There is g_variant_byteswap() that byteswaps each numeric value contained inside of a GVariant* to produce an equally-valid GVariant* (but with the numbers changed around). g_variant_store()ing the result of that gives you something that you can g_variant_new_from_data() on a system of the "other" endian to get the original result. This works because GVariant itself always uses little endian internally.
OK, now I'm confused. desrt, could you please answer these, and I'll write patches to add the answers to the docs: Does g_variant_get_fixed_array give you a pointer to little-endian data, native-endian data (i.e. LE on x86, BE on ppc etc.), or data whose endianness is determined in some other way? Does g_variant_store() write LE data, native-endian data, or data whose endianness is determined in some other way? If I call g_variant_new_from_data(), should I give it LE or native-endian input?
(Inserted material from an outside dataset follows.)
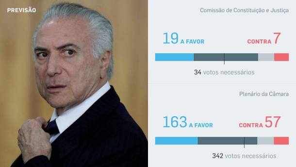 Na Comissão de Constituição e Justiça (CCJ) da Casa – o parecer do relator Sergio Zveiter (PMDB-RJ) deve ser divulgado na próxima semana – o placar mostra que, dos 66 parlamentares do colegiado, 19 são favoráveis à aceitação da denúncia, 7 são contrários, 32 não responderam e 8 se declaram indecisos.

I'll give a couple of clarifying examples. Consider an array of int16 ('an') as the most simple type where this is important. An array of int16 is represented in GVariant exactly as it is in C: a number of bytes that is a multiple of two. The length of the array is apparent from its size in bytes. Those bytes are in "native" order (ie: they appear in memory in the same order as the naive C programmer would expect). Now consider an array of arrays of int16 ('aan'). We can't just have that as a raw bunch of int16s since we don't know where the boundaries between the sub-arrays are. Those boundaries ("offsets") are stored in the serialised data as integers, of course. The byte order of those integers is *always* *always* little-endian. That means that if you take a GVariant that was created on a big endian system (big endian integers, little endian offsets) and load it onto a little endian system (little endian integers, little endian offsets) the offsets will be interpreted in the same way but the integers of the contents (ie: the actual elements of the array) will be byteswapped. This means that the structure of a GVariant is always valid regardless of what sort of system it is loaded on, but the multi-byte integer content may be messed up (in exactly the way you'd expect). g_variant_byteswap() swaps the endianness of the multi-byte integer content without modifying endianness of the offsets (since those are always little endian). Note that g_variant_byteswap() is actually implemented with a call to g_variant_ref() in the case that the data is known not to contain multi-byte integer data (ie: arrays of strings, etc).
So, ugh, this means that it's impossible to implement g_variant_get_endianness()? E.g. you need out-of-band data to store such things...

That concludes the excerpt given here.